EXERCISE OBJECTIVE: Repeat exactly the line with "[Inkscapeの設定]の" and each line after it to the end of the data below; pictures stay out.

DATA:
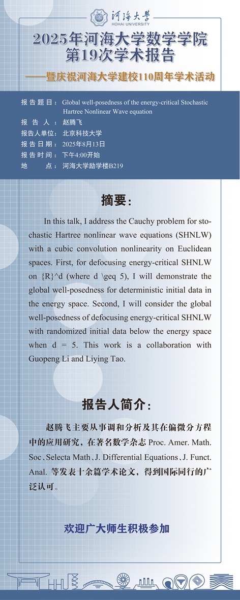 好色tv 第19次学术报告:Global well-posedness of the energy-critical Stochastic Hartree Nonlinear Wave equation
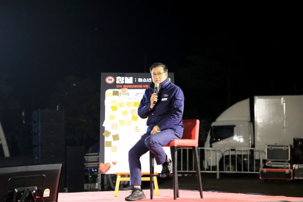 특히 입장 시 작성한 ‘함양에 사는 이유’, ‘청년으로서 함양에 필요한 것’ 등에 대한 의견을 바탕으로 진행된 ‘군수와의 야자타임’에서는 진병영 함양군수와 청년들이 자유롭게 소통하며 궁금증과 건의 사항을 나누는 뜻깊은 시간이 됐다.
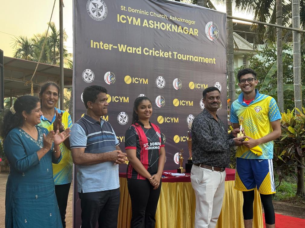 The ICYM St Dominic Church Ashoknagar Unit successfully organised the Inter-Ward Cricket Tournament on 1 February 2026 at the Church Ground of St. Dominic Church, Ashoknagar. The event commenced with the inauguration ceremony of the cricket match in the gracious presence of the Spiritual Director, Rev. Fr. Daniel. The programme was also honoured by the Assistant Parish Priest Fr. Meckenzie Mendonsa, the Parish Council Vice President, Mr. Isaac Furtado; the Ex Vice President Mr Maxim Crasta; Secretary, Ms. Meera Mendonca; Coordinator of 21 Associations, Mr. Flavy Shanthi Lobo; ICYM Animator, Dr Theresa Nunes; and Vice President, Mr. Melroy D’Souza. The programme began with a prayer song, invoking God’s blessings for the success of the tournament. A speech was delivered by the Vice President, Mr. Melroy D’Souza, who encouraged the participants to play with unity, discipline, and true sportsmanship.
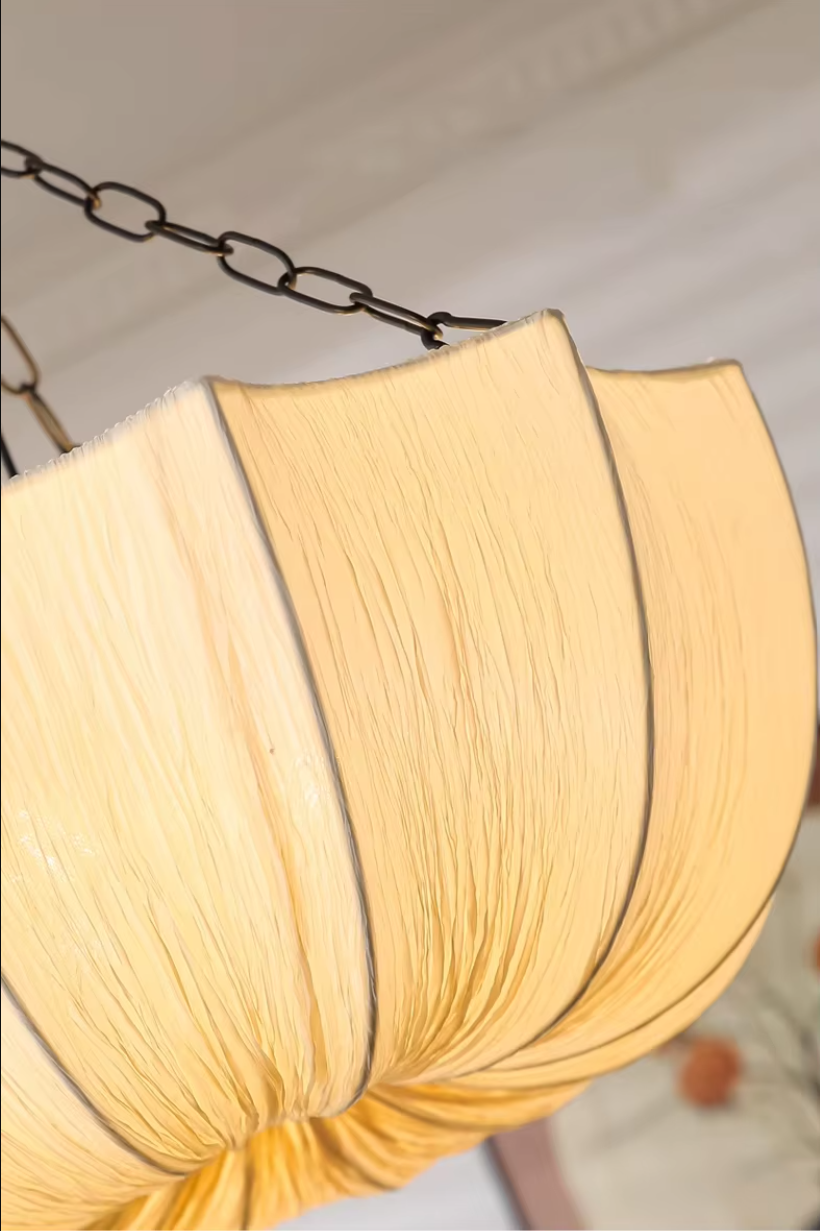 Soft Illumination: Fabric shade diffuses light gently, creating inviting and atmospheric interiors.
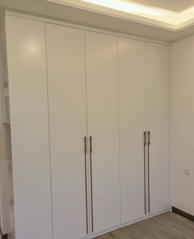 同时,这些蔷薇白门板也根据其大小跟造型搭配了长度不一的金色金属门把手,白色与金色这两种颜色的组合就极具高级感,特有华贵的那种质感。
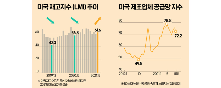 마스터카드(Mastercard)가 발표하는 소비자지출 패턴 분석 데이터 ‘스펜딩펄스(SpendingPulse)’ 보고서에 따르면 지난해 미국의 연말 특수 기간(2021.11.01~12.24) 동안 온·오프라인 소매 판매가 전년 동기 대비 8.5%, 팬데믹 직전인 2019년 동기 대비 10.7% 증가한 것으로 나타났다. 이는 17년 만에 가장 높은 수치라고 한다. 이러한 소매 수요의 급증은 유통기업의 안전재고(Safety Stock) 확보와 제조기업의 생산 확대를 위한 원자재 구매 노력으로 이어진다.
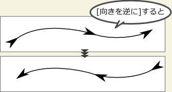 [Inkscapeの設定]の[ノード]の項目で、[アウトラインでパスの方向を表示する]にチェックを入れると、パスのアウトラインにパスの向きを示す矢印を表示させることができます。
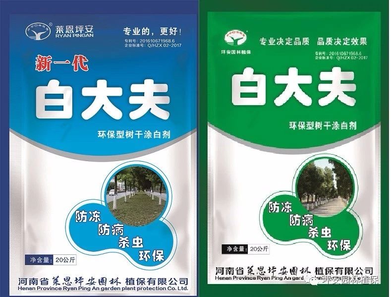 1.白大夫采用多元復(fù)方配制而成,彌補(bǔ)了普通涂白劑的不足,可保護(hù)樹干皮層、減少日灼、凍害,可大幅度減輕“倒春寒”造成的危害,并具有防病、殺蟲、殺卵等特點(diǎn)。另外通過樹皮的的吸收作用,還可以增強(qiáng)整個樹體的抗病蟲能力。
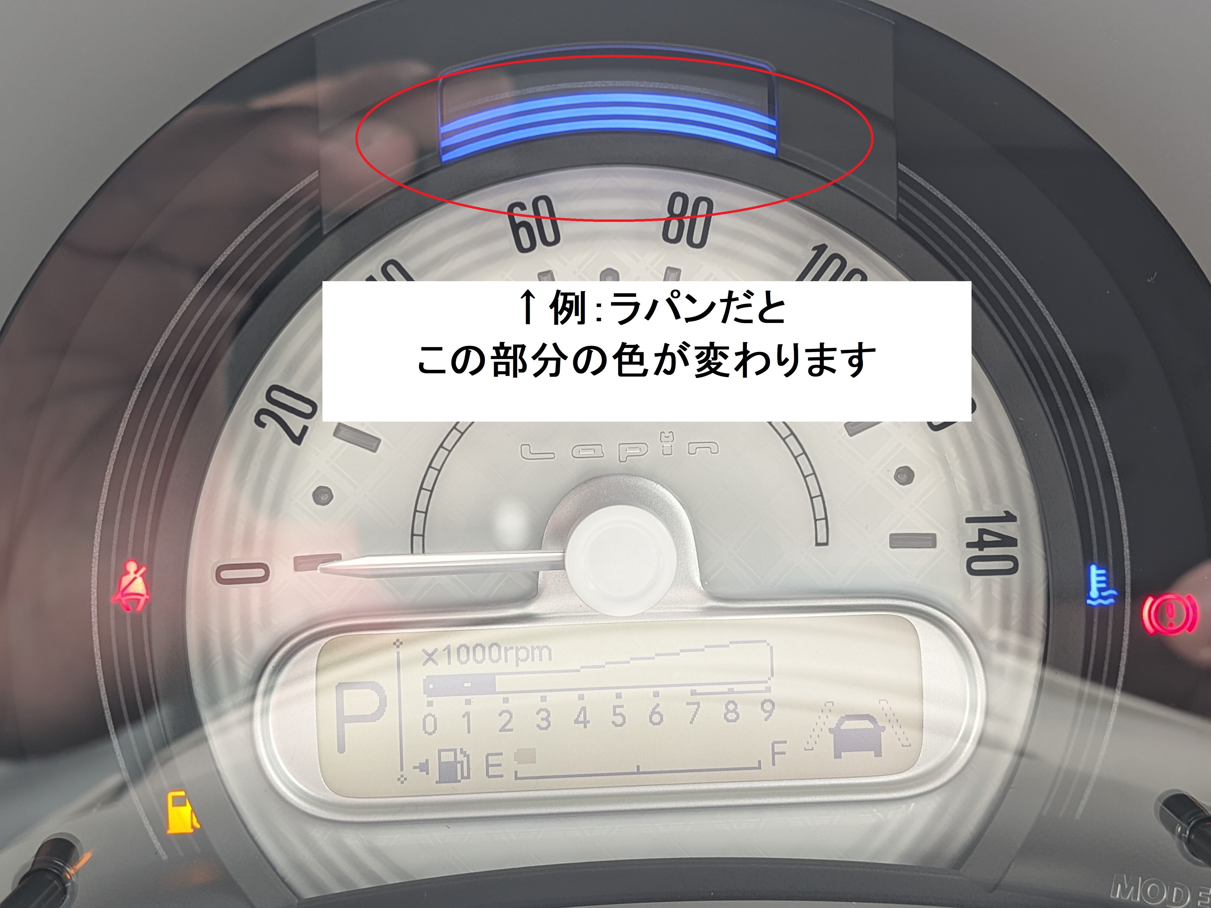 エンジン停止時に、スピードメーターにある

COMPLETED EXERCISE:
 [Inkscapeの設定]の[ノード]の項目で、[アウトラインでパスの方向を表示する]にチェックを入れると、パスのアウトラインにパスの向きを示す矢印を表示させることができます。
 1.白大夫采用多元復(fù)方配制而成,彌補(bǔ)了普通涂白劑的不足,可保護(hù)樹干皮層、減少日灼、凍害,可大幅度減輕“倒春寒”造成的危害,并具有防病、殺蟲、殺卵等特點(diǎn)。另外通過樹皮的的吸收作用,還可以增強(qiáng)整個樹體的抗病蟲能力。
 エンジン停止時に、スピードメーターにある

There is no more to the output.